When local abortion funds are not resourced with people, time, connectivity, and money, people seeking abortions are left with a complicated, hard-to-navigate system that is, at best, a time-draining hassle. At worst, it is a demeaning experience that perpetuates the same systems of harm that abortion funds are founded to fight. Worst of all, it often leaves them without actual access to care.
A Bold Vision
Building and designing the OSU pilot has been an opportunity to plan for an expansive future for abortion seekers. Together, we are bold—even audacious—to work toward a reality where, even as we witness the evisceration of Roe v. Wade, abortion access could come with more ease for people.
Working together in this pilot has reinforced what we know we are capable of. The local funds hired staff, grew budgets, designed infrastructure and technology, revamped policies and procedures, worked together as a region, and continued to fund abortions and practical support at unprecedented levels.

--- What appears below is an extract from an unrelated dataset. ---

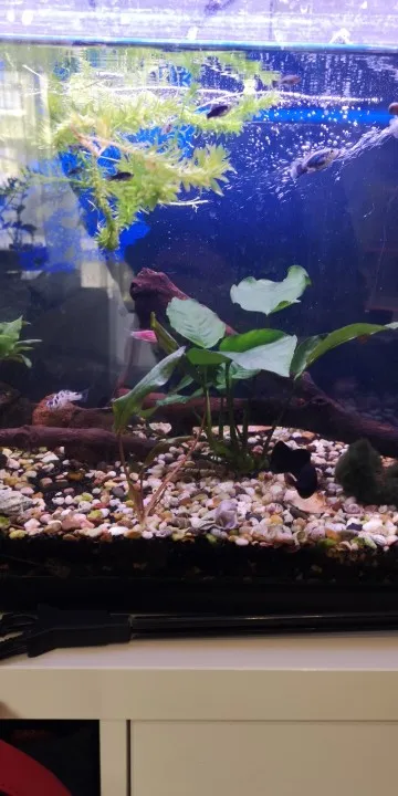 Светит хорошо, аквас зацвел (и растениями и зелёнкой на стекле)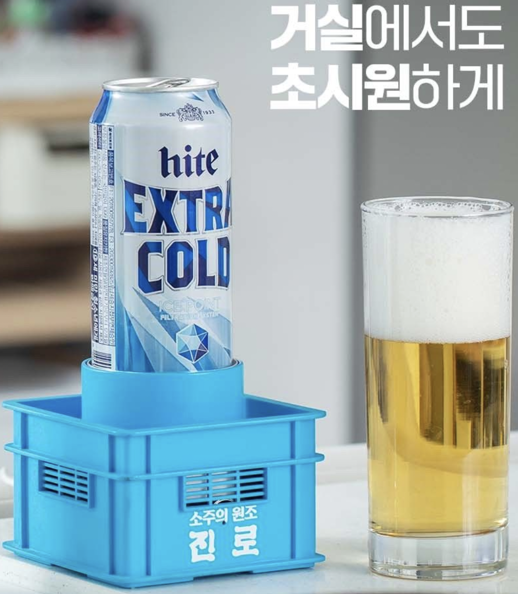 진로소주 디스펜서 함께 나온 제품은 바로 쿨러입니다. 날씨가 더운 날에는 맥주, 소주 실온에 두면 금방 식는데 쿨러에 꽂아두면 마시는 내내 시원하게 마실 수 있습니다.

Currently, most abortion funding is distributed through large, national provider organizations whose primary focus is clinical care. We all have critical parts to play in making the abortion ecosystem navigable and equitable; there is no denying that abortion funds’ rightful role is our expertise in helping abortion seekers break down financial and logistical barriers.
Historically, institutional philanthropy and those with the most resources have not trusted local organizations like abortion funds, People of Color, and people closest to the issue with the level of resourcing needed to implement our solutions. OSU is an invitation to do something different in a moment when we most need innovation: Invest in a community-led solution that is bold enough to meet this moment.
Invest in Abortion Funds
We’re ready.
While the OSU pilot cannot launch as it’s been envisioned, we are heartened to share that the local abortion funds have built the capacity and infrastructure to distribute millions of dollars to abortion seekers—we just need the resourcing to do it.

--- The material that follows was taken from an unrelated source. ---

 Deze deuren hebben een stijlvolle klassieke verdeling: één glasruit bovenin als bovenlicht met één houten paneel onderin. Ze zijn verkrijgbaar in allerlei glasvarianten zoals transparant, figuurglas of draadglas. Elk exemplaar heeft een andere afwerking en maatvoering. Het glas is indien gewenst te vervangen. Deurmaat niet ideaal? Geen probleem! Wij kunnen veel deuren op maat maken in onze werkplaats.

Because we believe in the power, brilliance, and capability of these pilot funds, without reservation and without hesitation, we invite organizations, funders, and individuals to show their strong support for these five pilot funds, as well as all the other grassroots abortion funds holding together the crumbling abortion landscape. We invite all grassroots donors to donate to your local abortion fund. We invite foundations and those with access to wealth to connect directly with the OSU pilot funds.

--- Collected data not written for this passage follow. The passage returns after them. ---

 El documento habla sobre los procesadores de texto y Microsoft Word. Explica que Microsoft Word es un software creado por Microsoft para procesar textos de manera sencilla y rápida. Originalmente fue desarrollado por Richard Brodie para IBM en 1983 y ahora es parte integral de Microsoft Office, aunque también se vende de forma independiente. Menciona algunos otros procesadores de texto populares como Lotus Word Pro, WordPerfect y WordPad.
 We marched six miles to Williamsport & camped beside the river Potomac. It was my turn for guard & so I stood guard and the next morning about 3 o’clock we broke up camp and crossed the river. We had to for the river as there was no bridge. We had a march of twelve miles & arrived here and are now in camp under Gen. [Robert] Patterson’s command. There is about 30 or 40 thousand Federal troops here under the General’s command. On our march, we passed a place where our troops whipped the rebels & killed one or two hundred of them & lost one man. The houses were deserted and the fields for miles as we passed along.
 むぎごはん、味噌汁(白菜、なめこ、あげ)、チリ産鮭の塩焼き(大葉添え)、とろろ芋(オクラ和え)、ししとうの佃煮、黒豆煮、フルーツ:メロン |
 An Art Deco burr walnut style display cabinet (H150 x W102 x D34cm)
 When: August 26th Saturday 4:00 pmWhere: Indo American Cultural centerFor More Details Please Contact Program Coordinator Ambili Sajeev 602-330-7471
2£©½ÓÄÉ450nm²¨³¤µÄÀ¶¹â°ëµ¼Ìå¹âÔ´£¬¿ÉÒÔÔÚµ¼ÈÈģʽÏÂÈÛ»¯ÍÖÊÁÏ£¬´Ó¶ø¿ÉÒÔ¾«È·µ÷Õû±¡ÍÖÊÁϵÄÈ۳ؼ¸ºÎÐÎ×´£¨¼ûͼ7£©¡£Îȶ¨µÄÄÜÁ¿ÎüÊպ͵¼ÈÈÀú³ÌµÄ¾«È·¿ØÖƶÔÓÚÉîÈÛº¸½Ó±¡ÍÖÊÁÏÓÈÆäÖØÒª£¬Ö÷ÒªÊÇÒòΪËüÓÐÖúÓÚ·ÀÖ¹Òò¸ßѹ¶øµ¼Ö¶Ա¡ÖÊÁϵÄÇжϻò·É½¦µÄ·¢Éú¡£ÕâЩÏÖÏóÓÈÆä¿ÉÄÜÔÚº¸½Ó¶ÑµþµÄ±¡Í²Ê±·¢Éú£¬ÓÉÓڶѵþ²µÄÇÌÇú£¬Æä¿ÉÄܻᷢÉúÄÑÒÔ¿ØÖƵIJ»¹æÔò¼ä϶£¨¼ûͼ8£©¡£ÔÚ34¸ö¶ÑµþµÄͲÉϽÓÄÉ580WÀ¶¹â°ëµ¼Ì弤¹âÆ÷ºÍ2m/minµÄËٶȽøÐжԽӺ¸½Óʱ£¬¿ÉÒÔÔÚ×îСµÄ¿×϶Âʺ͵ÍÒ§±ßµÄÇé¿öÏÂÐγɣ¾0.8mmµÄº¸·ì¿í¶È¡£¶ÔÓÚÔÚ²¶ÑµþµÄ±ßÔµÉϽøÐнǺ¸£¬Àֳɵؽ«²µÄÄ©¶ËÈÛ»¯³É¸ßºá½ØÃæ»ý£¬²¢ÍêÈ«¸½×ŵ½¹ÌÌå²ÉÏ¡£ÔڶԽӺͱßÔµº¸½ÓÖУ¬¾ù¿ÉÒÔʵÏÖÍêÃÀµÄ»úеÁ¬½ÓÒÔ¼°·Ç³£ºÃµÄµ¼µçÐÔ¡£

We need all hands on deck to build the infrastructure abortion seekers should be able to count on. The abortion funding movement is equipped to resource abortions and build power at the local levels. For everyone looking for a way forward, the path is crystal clear: it’s beyond time to return resources to our communities by deeply investing in our local organizations. We are co-creating systems and institutions that actually serve us, and this is your chance to be part of the solution. People need abortions to be available and accessible. People seeking abortions need our trust, money, commitment, and courage—now and in the years to come.